___ Record set

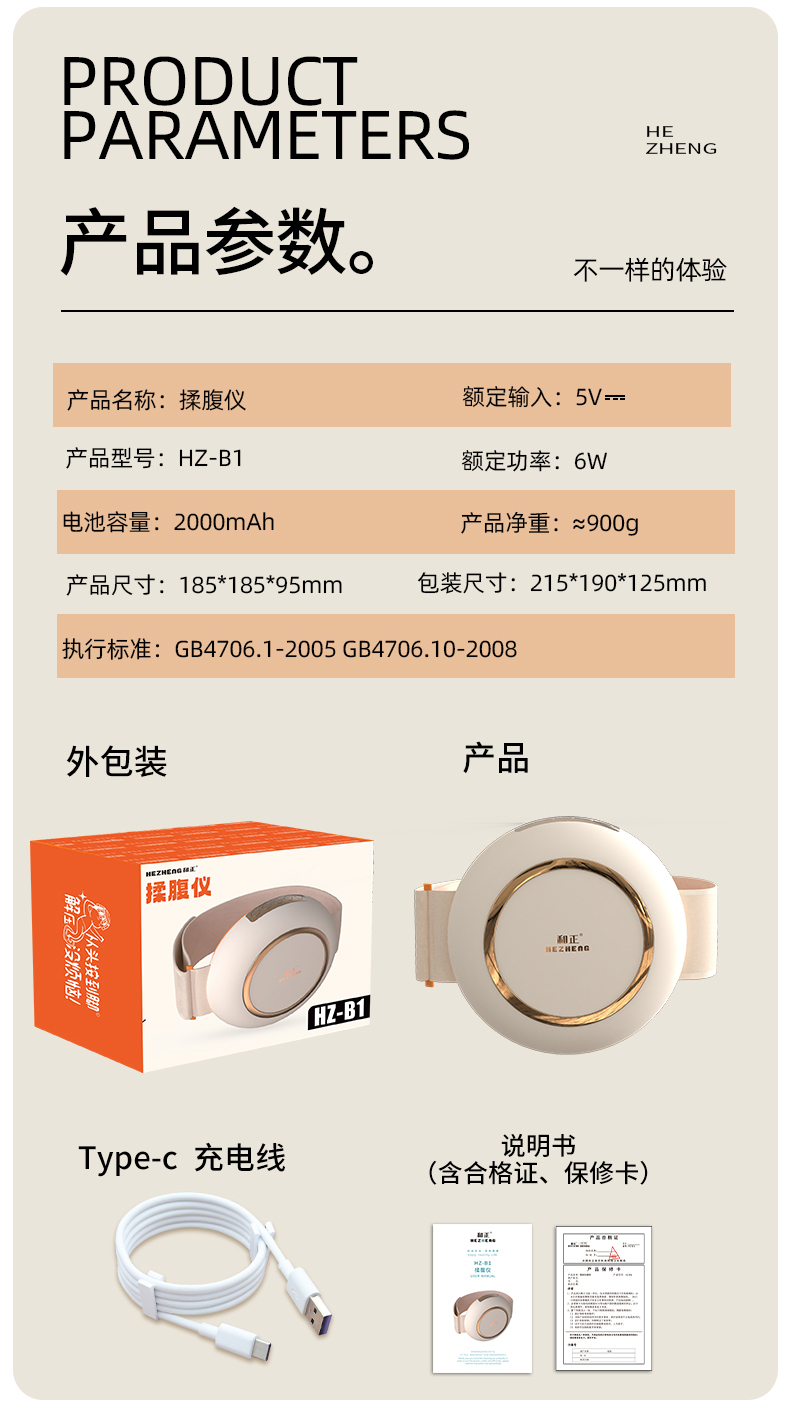 和正(HEZHENG) 揉腹仪腰部按摩器腹部按摩仪 HZ-B1 产品重量:900g 橙色(单位:个)
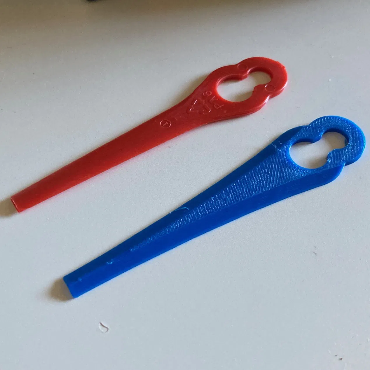 Bộ lưỡi cắt thay thế cho máy cắt cỏ không dây Ozito PXC (Einhell) 18V 240mm. Dễ dàng in 3D với PETG hoặc PLA, nhưng vật liệu này khá giòn nên bạn cần in nhiều lưỡi để thay thế.
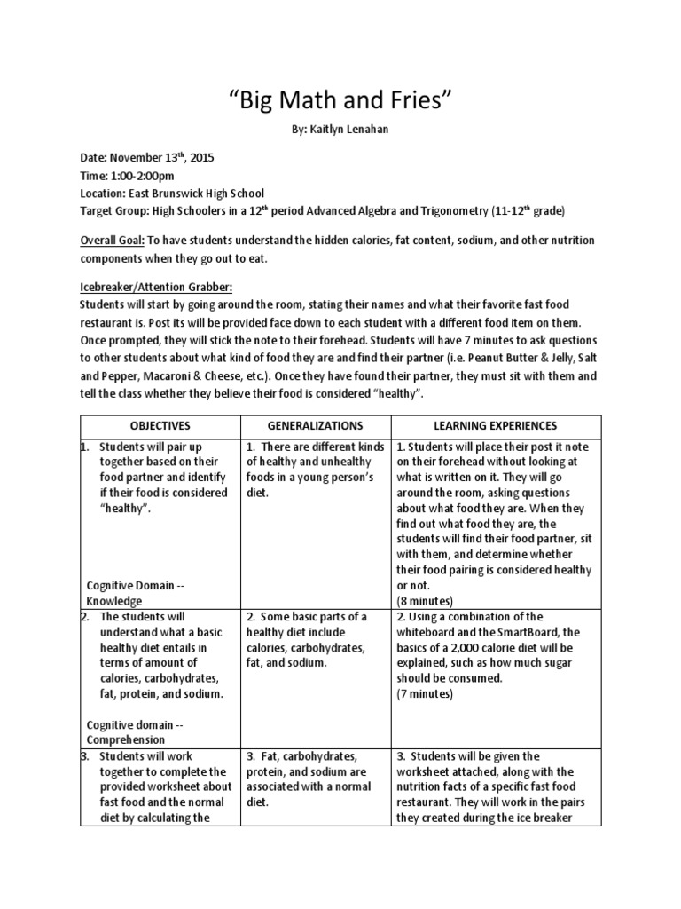 Big Math And Fries Lesson Plan Dicas Nutrition Facts Label Meal
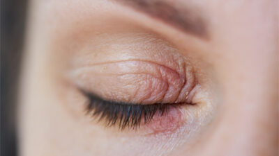 A dermatite palpebral está comumente relacionada à dermatite atópica ou à dermatite alérgica de contato.
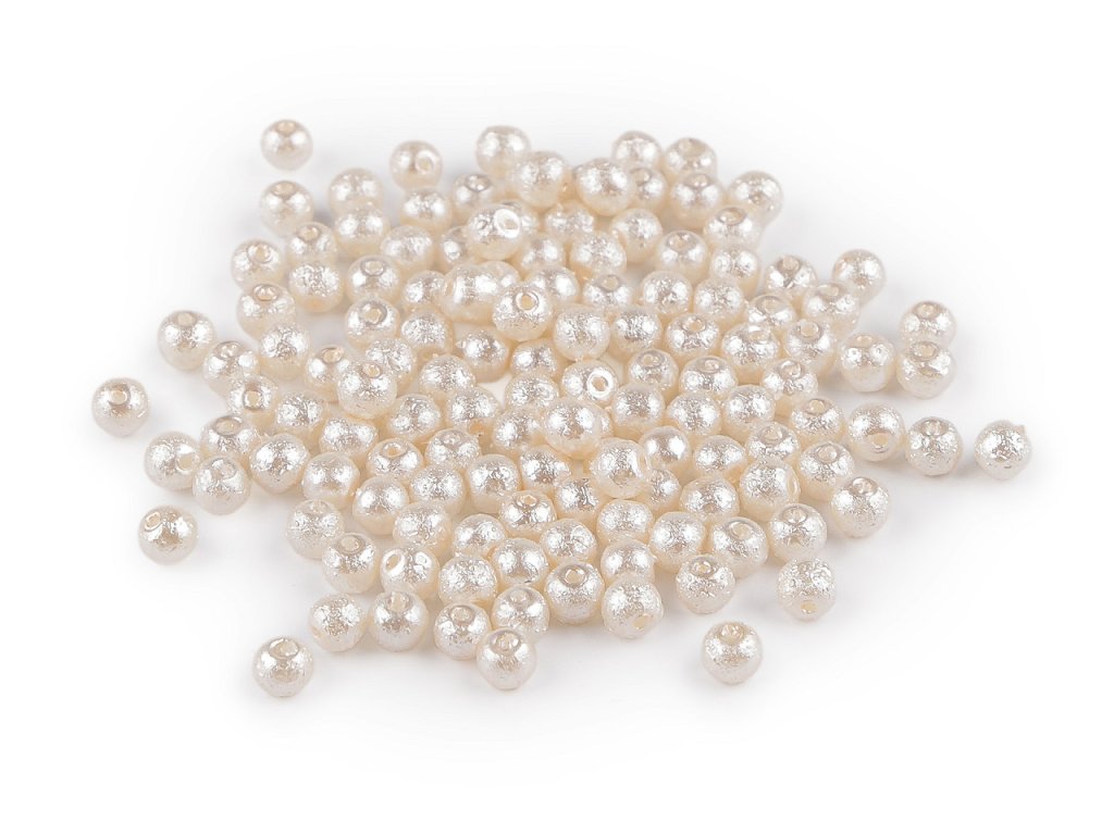 Voskované perly s vroubkovanou povrchovou úpravou jsou vhodné jak k dekoracím, tak i k výrobě bižuterie a korálkování. K navlečení můžete z naší nabídky použít např. silonový vlasec, další variantou může být nylonové lanko, paměťový drátek nebo třeba silikonová pruženka. V balení 20 g je cca 190 ks korálků.- Průměr: 4 mm

______

What you need to do: Each record above must be returned exactly as written, with its pictures omitted.

Exercise result:
 和正(HEZHENG) 揉腹仪腰部按摩器腹部按摩仪 HZ-B1 产品重量:900g 橙色(单位:个)
 Bộ lưỡi cắt thay thế cho máy cắt cỏ không dây Ozito PXC (Einhell) 18V 240mm. Dễ dàng in 3D với PETG hoặc PLA, nhưng vật liệu này khá giòn nên bạn cần in nhiều lưỡi để thay thế.
 Big Math And Fries Lesson Plan Dicas Nutrition Facts Label Meal
 A dermatite palpebral está comumente relacionada à dermatite atópica ou à dermatite alérgica de contato.
 Voskované perly s vroubkovanou povrchovou úpravou jsou vhodné jak k dekoracím, tak i k výrobě bižuterie a korálkování. K navlečení můžete z naší nabídky použít např. silonový vlasec, další variantou může být nylonové lanko, paměťový drátek nebo třeba silikonová pruženka. V balení 20 g je cca 190 ks korálků.- Průměr: 4 mm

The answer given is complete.